Thanks, I wish you a merry Christmas too. Like @ahrasis mentioned, the fact that you got hacked was unrelated to using Debian or Ubuntu. From a security standpoint, RHEL is not more secure than Debian and Ubuntu, RHEL just has higher maintenance cost and tends to break more often on sys upgrades. If a Linux hosting server gets hacked, it's not the OS but the hosted websites that cause it. Regarding your open basedir question, allowing all sites to access the NextCloud storage is not really secure.

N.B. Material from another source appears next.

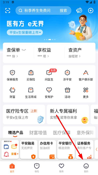 1、打开平安金管家app,点击底部导航栏中我的选项。
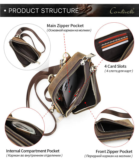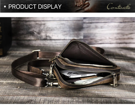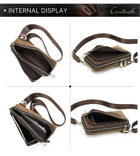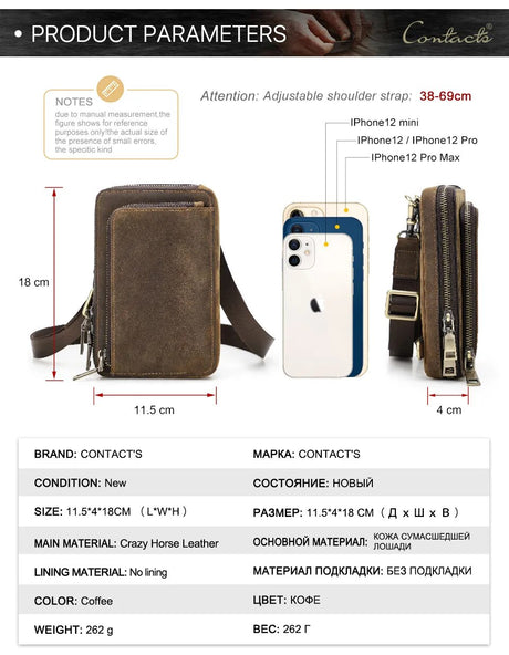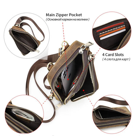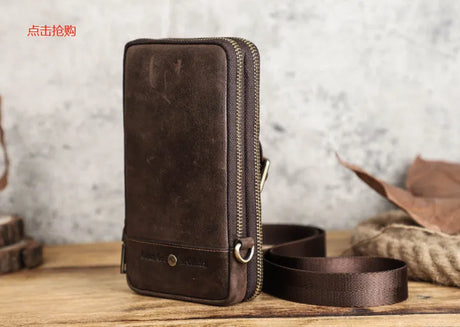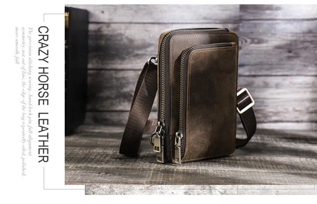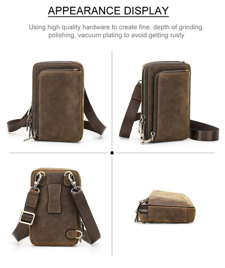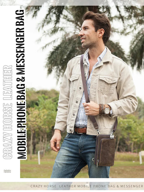 2023 Men's Leather Crossbody Bag With Mobile Phone Pouch.

Also, the websites override the php.ini settings, so setting this in php.ini is unnecessary.
You could more or less replicate phpmyadmin settings in your webserver to create an alias for nextcloud like there is for phpmyadmin. It will then have its own php settings, unrelated to the website's php version and ini settings the alias is called from. And with the ispc nextckloud plugin you should be able to manage your nextcloud accounts from within ispc. https://www.ispconfig.org/blog/new-ispconfig-nextcloud-plugin-for-user-and-password-synchronization/ I totally agree with @till and @ahrasis about hacking and os. Getting hacked has nothing to do with your os and all with installed software and its config. I had a webserver that got hacked badly 20+ years ago that happened to run rh (rhel didn't exist yet). It had nothing to do with the os and all with the apache config.